▶ _Exercise prompt_: Each entry below should be given again exactly; the pictures stay out.

▶ _Data for this task_:
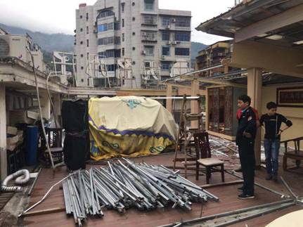 该违建地处三元区育才路无名小子饭店楼顶,违建面积390平方米。
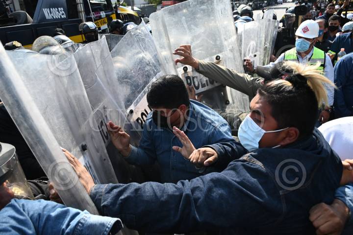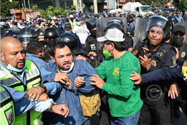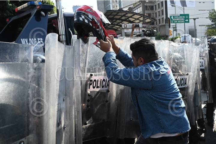Un trabajador de venta de gas golpea con un caso uno de los escudos de los granaderos durante la manifestación.
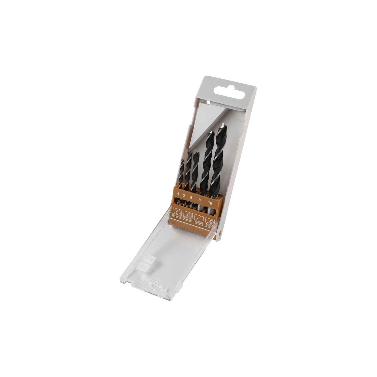 Juego de brocas espirales para madera cv de 5 piezas versión de vástago, vástago redondo diametro de las brocas ø4,00 / ø5,00 / ø6,00 / ø8,00 / ø10,00 mm
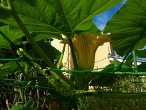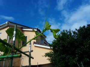 左: 南瓜が天井ネットから脱出です。『延長ネットは何処だっ!?』
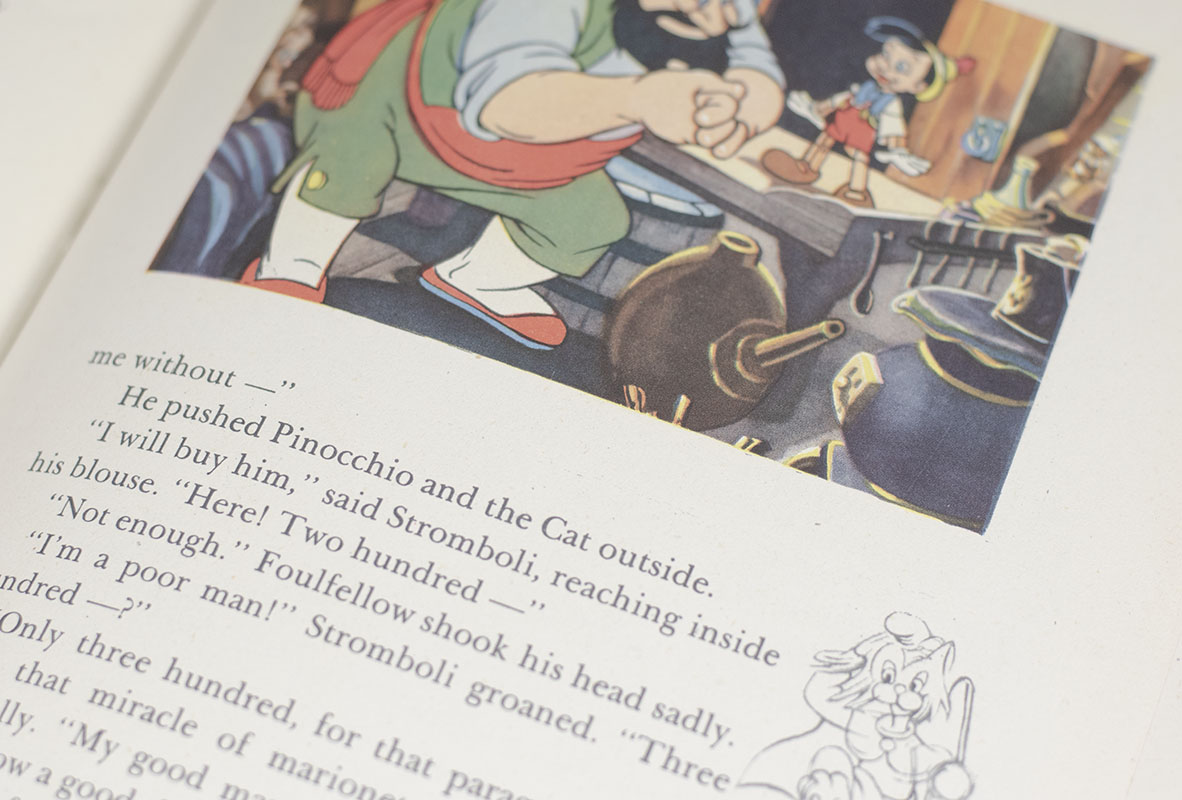 "STAR LIGHT, STAR BRIGHT - FIRST STAR I'VE SEEN TONIGHT. I WISH I MAY - I WISH I MIGHT - HAVE THE WISH I WISH TONIGHT!" FIRST EDITION OF WALT DISNEY'S VERSION OF PINOCCHIO: BASED ON THE STORY BY COLLODI, WITH ILLUSTRATIONS FROM THE MOTION PICTURE
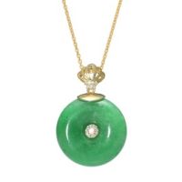 サークルを描く本翡翠を1石あしらい、CZを添えたペンダントです。 古代帝国で用いられていたような、アンティークジュエリーをモティーフにデザインしました。

▶ _Answer for this exercise_:
 该违建地处三元区育才路无名小子饭店楼顶,违建面积390平方米。
Un trabajador de venta de gas golpea con un caso uno de los escudos de los granaderos durante la manifestación.
 Juego de brocas espirales para madera cv de 5 piezas versión de vástago, vástago redondo diametro de las brocas ø4,00 / ø5,00 / ø6,00 / ø8,00 / ø10,00 mm
 左: 南瓜が天井ネットから脱出です。『延長ネットは何処だっ!?』
 "STAR LIGHT, STAR BRIGHT - FIRST STAR I'VE SEEN TONIGHT. I WISH I MAY - I WISH I MIGHT - HAVE THE WISH I WISH TONIGHT!" FIRST EDITION OF WALT DISNEY'S VERSION OF PINOCCHIO: BASED ON THE STORY BY COLLODI, WITH ILLUSTRATIONS FROM THE MOTION PICTURE
 サークルを描く本翡翠を1石あしらい、CZを添えたペンダントです。 古代帝国で用いられていたような、アンティークジュエリーをモティーフにデザインしました。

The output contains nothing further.